To posit that the presidency be "conceded" to any ethnic group or region of the country, as a way of addressing socio-economic and political injustices is to trivialise the cause and effect of those injustices. In his recent article entitled "South South and the Presidency," (The Guardian, May 26) Reuben Abati fell into this trap. Referring to the crises in the Niger Delta, he argued that "it seems certain that the future of Nigeria is tied to the resolution of the anxieties of the minorities.' While he clearly underlined the wants of the ordinary Nigerians, he however drew the wrong conclusion relating to the Niger Delta when he wrote: "The South South probably has the largest collection of advocacy groups seeking justice and equity for the people of that region and the power question is right at the centre of that agitation."


It is erroneous to say that the "power question" for the Niger Delta is centred around the occupancy of the presidency, rather it is based on the demand for constructing a genuine federal system that will recognise the exclusive jurisdiction of the federating nits over key sectors of the economy, including natural resources. This, for the Niger Delta would be justice and equity. Abati is however correct when he opined that: "Our experience with political power in Nigeria has shown that ethnic anxieties are not necessarily addressed by the kinsman in power." This is a strong case against power shift which contradicts the impression he gave, that the presidency be zoned to the South South as a way of resolving "the anxieties of the minorities."


We cannot build a democratic polity by mechanically shifting power from one region to the other.
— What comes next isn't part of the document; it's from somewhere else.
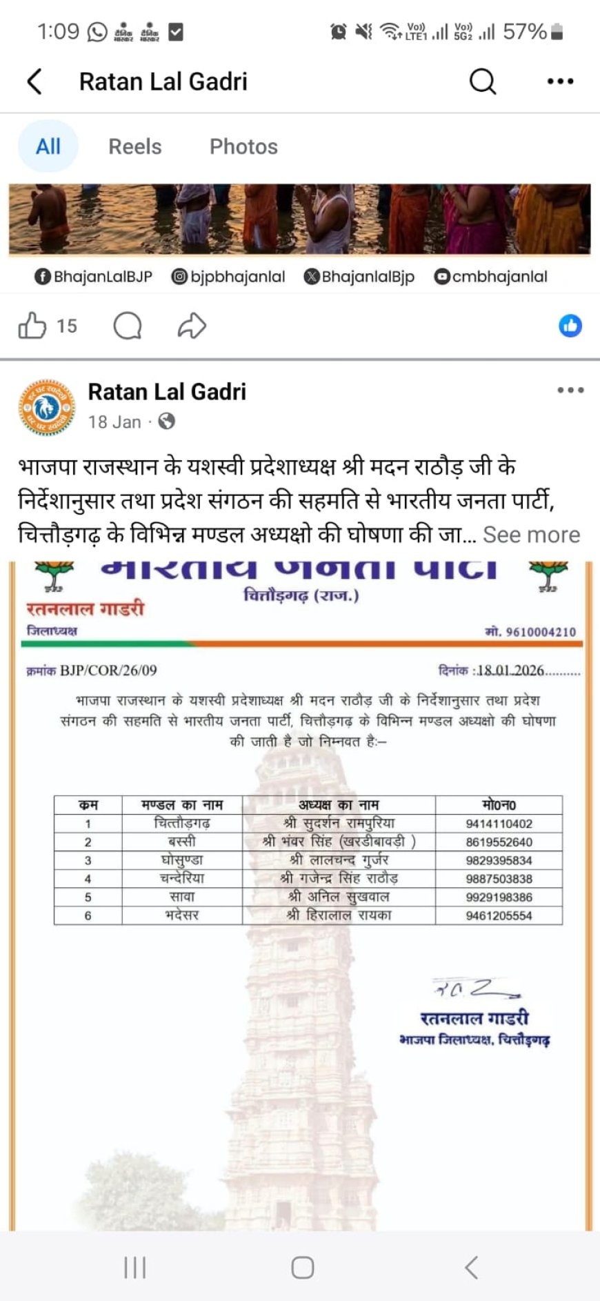 चित्तौडग़ढ़ भारतीय जनता पार्टी के जिलाध्यक्ष रतन गाडरी ने लम्बे समय बाद चित्तौडग़ढ़ विधानसभा के छह मंडल अध्यक्षों की घोषणा गत 18 जनवरी की देर रात की थी। इस सूची में जो ६ मंडल अध्यक्ष बने इनमें से 5 चित्तौडग़ढ़ विधायक चन्द्रभान सिंह खेमे से थे। इनमें से कुछ नाम तो वह थे जब चन्द्रभान सिंह आक्या का टिकट कटा और तत्कालिन प्रदेश अध्यक्ष एवं सांसद सी. पी. जोशी के निर्देश पर इसमें पूर्व मंडल अध्यक्षों को पार्टी के उम्मीदवार के खिलाफ रहने के कारण हटाया गया था। लेकिन भाजपा संगठन के एक राष्ट्रीय पदाधिकारी की समझाइश के बाद सांसद सी. पी. जोशी एवं विधायक चन्द्रभान सिंह में एका हुआ और करीब ढाई साल बाद यह एक साथ नजर आने लगे। इसके बाद से ही दोनों के समर्थकों में सदैव ऊहापोह की स्थिति बनी रही। धीरे-धीरे हालात सामान्य हो ही रहे थे और 18 जनवरी की रात को भाजपा जिलाध्यक्ष की ओर से जारी चित्तौडग़ढ़, बस्सी, घोसुण्डा, चंदेरिया, सावा और भदेसर मंडल के अध्यक्षों की घोषणा ने एक बार फिर जिला भाजपा संगठन में बवाल खड़ा कर दिया। अब सांसद सी.पी. जोशी के समर्थकों को यह ना तो उगलते बन रहा है और ना ही निगलते बन रहा है। जब विरोध के धीमेे स्वर मुखर होने लगे तो 22 जनवरी को नेताजी को कुछ सालों पूर्व एक भूखण्ड के मामले में आरोपों के घेरे में खड़े करने वाले युवा नेताजी ने पूरे असतुंष्ठ खेमे को अपने घर पर बुला एक बैठक भी कर ली। उस बैठक में स्वयं सांसद सी. पी. जोशी, जिला संगठन के पदाधिकारी, पूर्व पार्षद, पंचायती राज से जुडे नेताजी, निवर्तमान मंडल अध्यक्ष सहित करीब साठ से सत्तर पदाधिकारी एवं कार्यकर्ताओं ने भाग लिया। वहां पर सब ने मंडल अध्यक्षों की घोषणा पर सवाल खड़े किए तो सांसद सी.पी.जोशी ने यह कह कर पल्ला झाड लिया कि उन्हें इसकी खबर ही नहीं लगी। यह बात जब आम आदमी के गले नहीं उतर रही तो फिर भाजपा संगठन में वर्षो से काम करने वालों के गले कैसे उतर सकती थी। इसी के चलते पंचायती राज वाले नेताजी को भी बीएमएस के हमले का जवाब देने का मौका मिल गया और उन्होंने तुरंत ही भाजपा के प्रदेश अध्यक्ष मदन राठौड़ को फोन लगाया और जैसे ही यह पता लगा कि वे उदयपुर प्रवास पर है तो वह तीस चालीस लोगों के साथ उदयपुर पहुंच गए। प्रदेशाध्यक्ष से जिलाध्यक्ष रतन गाडरी की घोषणा पर जब आपत्ति जताई तो उन्होंने यह कहते हुए पल्ला जाडा कि यह तो सब जिलाध्यक्ष, सांसद एवं विधायक की सहमति से हुआ है और दिल्ली की यात्रा इसकी गवाह है। जहां पर जिलाध्यक्षजी के साथ सांसद जी के घर पर विधायकजी से भी मुलाकात हुई थी। फिर भी अगर आपत्ती है तो इसे होल्ड पर डालने का आश्वासन दे दिया। इसके बाद भी जब कोई समाधान निकलता नहीं दिखा तो असतुंष्ट खेमे २९ जनवरी तक का अल्टीमेटम दिया इसके बाद एक बार फिर भाजप

Power shift is a function of the electoral process, based on the correlation of forces contending for political power in a democratic polity. To legislate this, either in a nation's constitution or in that of a political party, is to deny the electorates their fundamental rights in a democracy. The cries that "it is my turn" or "it is the turn of my ethnic group" to be president/governor are not substitutes for sound policy platforms that would provide for the basic necessities of the population. To construct a democratic polity on this premise is like burying oneself in a quicksand.


The solution to the increasing instability in Nigeria rests with the re-structuring of the federal system, in a way that underlines the independence and coordinate of the federating units (states) and the central government. The relationship between the central government and the federating units is horizontal, and not vertical. We have to understand that, there is a federation because federating units agree to federate. And, they do not federate in order to forfeit key elements of their jurisdictions. Not until the federating units exercise exclusive jurisdiction over their natural resources under a genuine federal system, the instability of the Nigerian polity will remain inevitable. This is the power that is being agitated for by the Niger Delta, and other genuine federalists in Nigeria, and not the power of occupying the presidency.